An adverse result related to our class action
matter, derivative action matter (see Note 7 in Notes to Consolidated Financial
Statements) could materially, adversely affect our working capital, thereby
materially impacting the financial position of the Company.
Inflation
did not have a significant impact on the Company’s results during the three
months ended September 30, 2007.
Off-Balance
Sheet Transactions
We do
not engage in material off-balance sheet transactions.
Item 3. Quantitative and Qualitative Disclosures About Market
Risk
Market
risk is the potential loss arising from adverse changes in market rates and
prices, such as foreign currency exchange rates or interest rates. We are
exposed to market risk in the form of foreign exchange rate risk and
interest rate risk.
53
Foreign Exchange
Rate Risk
We
have $11.1 million in foreign assets. Our Swiss corporate campus held for sale,
with a currently estimated value of $11.0 million at September 30, 2007,
accounts for the large majority of these foreign assets. Our consolidated
shareholders’ deficit will fluctuate depending on the weakening or
strengthening of the U.S. dollar against the respective foreign currency,
especially the Swiss franc.
Our
accumulated other comprehensive income of $0.4 million at September 30,
2007 has varied $0.5 million from accumulated other comprehensive loss of $0.1
million at December 31, 2006. However, this $0.4 million gain is
considered unrealized and is reflected on the Consolidated Balance Sheet.
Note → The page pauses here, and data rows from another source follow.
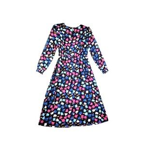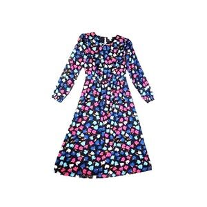 Dress is in excellent, gently used condition, showing minimal signs of previous ownership (thin "run" in fabric on right sleeve, barely noticeable due to print).
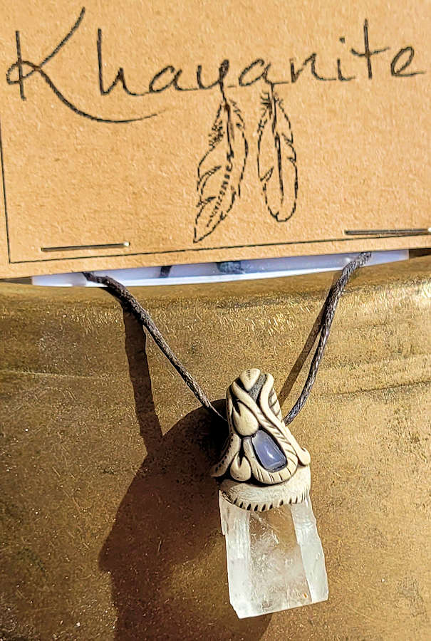 Hand Made Clay Carved Necklace with Sodalite - One of a Kind! Sodalite stone in a hand designed clay pendant Approximately...
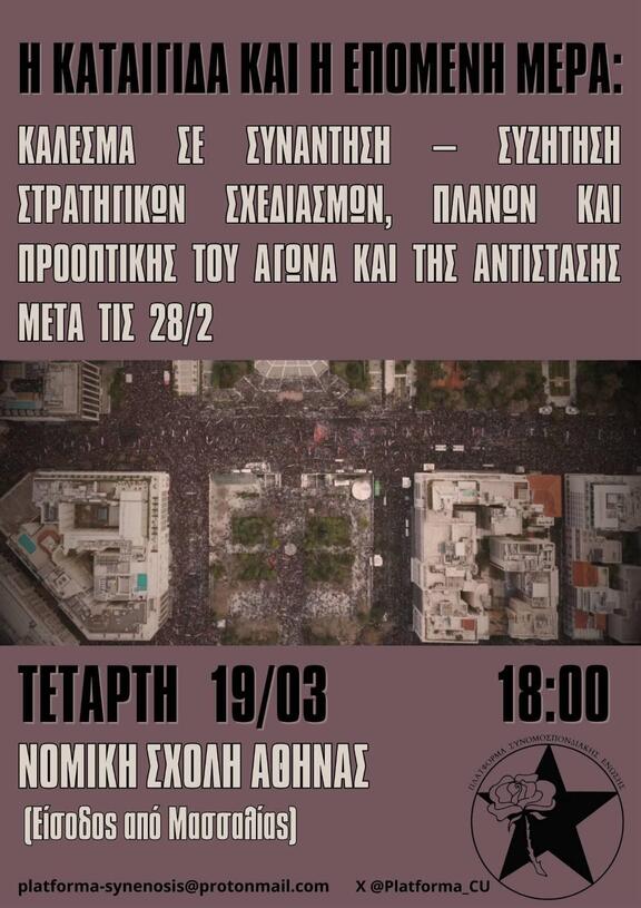 ΚΑΛΕΣΜΑ ΣΕ ΣΥΝΑΝΤΗΣΗ-ΣΥΖΗΤΗΣΗ ΣΤΡΑΤΗΓΙΚΩΝ ΣΧΕΔΙΑΣΜΩΝ, ΠΛΑΝΩΝ ΚΑΙ ΠΡΟΟΠΤΙΚΗΣ ΤΟΥ ΑΓΩΝΑ ΚΑΙ ΤΗΣ ΑΝΤΙΣΤΑΣΗΣ ΜΕΤΑ ΤΙΣ 28/2
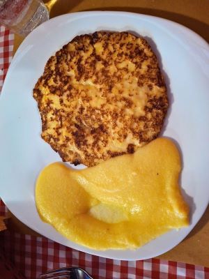 Vas: Saimme maistella paikallisia ruokia. Tässä polenta ja frico, jotka ovat hyvin perinteisiä italialaisia ruokia.
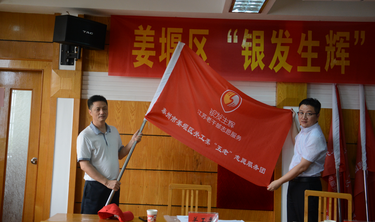 首先,区委离退休干部工委专职副书记沈明强传达了省、市关于“银发生辉”工程的相关文件精神,并就下一步工作进行部署。随后,区文明办副主任谷洋为关工委、老龄协会、老促会、老科协、老年健康协会、老年体协、老年书画联谊会、老干部艺术团和老干部“流动党校”9支志愿服务队授旗。9支志愿服务队的组建标志着姜堰区“银发生辉”工程走上规范化的轨道,新一轮推进工作正式拉开序幕。谷洋对志愿服务队的成立表示祝贺。他说,老同志是党和国家的宝贵财富,具有思想认识高、专业素质强等优势。他希望老同志们能在服务对象方面破圈,在服务场所和内涵上破壁,充分发挥优势和专长,在理论宣讲、关心下一代、科技助困等方面展现老干部无私大爱、为民情怀和历久弥坚的信仰与信心。

Accordingly, this unrealized loss may increase or decrease in the future,
based on the movement of foreign currency exchange rates, but will not have an
impact on net income (loss) until the related foreign capital investments are
sold or otherwise realized.
Interest Rate Risk
Our
3.5%, $90.0 million convertible subordinated notes, pay interest at a fixed
rate and, accordingly, we are not exposed to interest rate risk as a result of
this debt. However, the fair value of our $90.0 million convertible
subordinated notes does vary based upon, among other factors, the price of our
common stock and current interest rates on similar instruments.
We do
not enter into derivatives or other financial instruments for trading or
speculative purposes.
ITEM 4. CONTROLS AND PROCEDURES
(a)
Disclosure
Controls and Procedures. The Company’s management, with the participation of
the Company’s Chief Executive Officer, and the Company’s Chief Financial
Officer (the “Certifying Officers”), has evaluated the effectiveness of the
Company’s disclosure controls and procedures (as such term is defined in Rules 13a-15(e) and
15d-15(e) under the Securities Exchange Act of 1934, as amended (the “Exchange
Act”)) as of the end of the period covered by this report. Based on that
evaluation, the Certifying Officers have concluded that the Company’s
disclosure controls and procedures were effective for the purpose of ensuring
that material information required to be in this quarterly report is made known
to them by others on a timely basis and that information required to be
disclosed by the Company in the reports that it files or submits under the
Exchange Act is accumulated and communicated to the Company’s management,
including its principal executive and principal financial officers, as
appropriate to allow timely decisions regarding required disclosure.
(b)
Changes
in Internal Controls. There has been no change in the Company’s internal
control over financial reporting that occurred during the Company’s most recent
fiscal quarter that has materially affected, or is reasonably likely to
materially affect, the Company’s internal control over financial reporting.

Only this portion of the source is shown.